Matt snatched it before it latched. Lexi tried to shut him out while Meredith shouted for him to go away. Somewhere nearby, Parker surely had to hear what was going on. Matt’s arm snaked into the open space, past Lexi, and hooked onto Meredith. His fingers bit into her hair, and he pulled her through the slice of open door, forcing Lexi to let go in surprise.
“No!”
With a shove, he threw Meredith down. Her sister stumbled face first as Parker burst into the room.
“Help!” Lexi called as Matt’s fist connected with her temple. The world exploded. She lost her bearings and fell back, fighting against the spinning stars and tink of metal hangers falling on her.
Matt pushed her into the closet and slammed the door, making more hangers clink and clamor around them. Her ex hovered over her, his hand extended as though he wanted to help her up. “I didn’t mean to do that, Lex.”
She scooted back until she hit the wall, watching him twist the lock on the door. “Are you insane?”

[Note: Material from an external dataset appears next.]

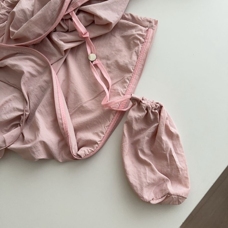 同时,防晒衣还用了巧妙的设计 配置收纳袋💼 出门放包里,不占空间~ 方便携带~ 下面简单的录了一个装袋视频 手把手教你如何将防晒衣收纳

“Open up!” Parker slammed a fist on the door. “Swear to Christ, Matt, if I come in, you’re not walking out.”
Matt swayed
on his feet. “You’re all the time causin’ me to do shit that I wouldn’t do unless you push me, peaches.”
“You broke into Mere’s!”
“I used the key.” He shrugged, drunk and disinterested. “We needed to talk. It’s time for you to come home.”
“I don’t want to be with you! I’ve never wanted to be with you. This”—she bounced her finger between them—“isn’t how you have a relationship. You need help, Matt. For a lot of things.”
“Oh, fuck you, goddamn overreacting bitch.”
She threw out her arms. “You have me trapped in my sister’s closet.”
“Back up, Lex,” Parker shouted through the door. “You good?”
Well, not if he was going to shoot through the damn thing. “Yeah!”
Matt’s face contorted. “Don’t talk to him—”
The door exploded as Parker plowed through, knocking Matt over. Parker drilled his fists into Matt, then Parker grabbed Lexi and pushed her out of the closet.
Matt staggered up. “Dick.”
Parker pinned her with a look. “Girls. Hall. Now.” Then he pivoted.
“Let’s go, Lex.”
As Meredith dragged her out the door, Lexi turned, taking a last glance back. Parker had the barrel of a gun under her ex’s chin. Oh shit.
***
“If it isn’t Prince Charming,” Matt stupidly said with the bad-news end of a Glock shoved under his jaw. “Who’d you come here for: Lex or Mere? Moved from one sister to the next? Classy, bro. Class-ss-y.”
“Dude, you are so far gone, you’re not worth the damn bullet.”
“Aw, fuck you,” Matt slurred, blood running out of his nose and the corner of his mouth.
Parker pulled back from the kill shot but didn’t relax enough to take his aim off Matt. “We’re going to come to an understanding before the cops get here. This is your one chance to fix your life before you ruin it any more than you’ve done.”
“Nah.” Matt threw his shoulders back and stumbled into hanging clothes. “Mere’s gonna tell Lexi it’s time to come home. She’s done with you, cocksucker.”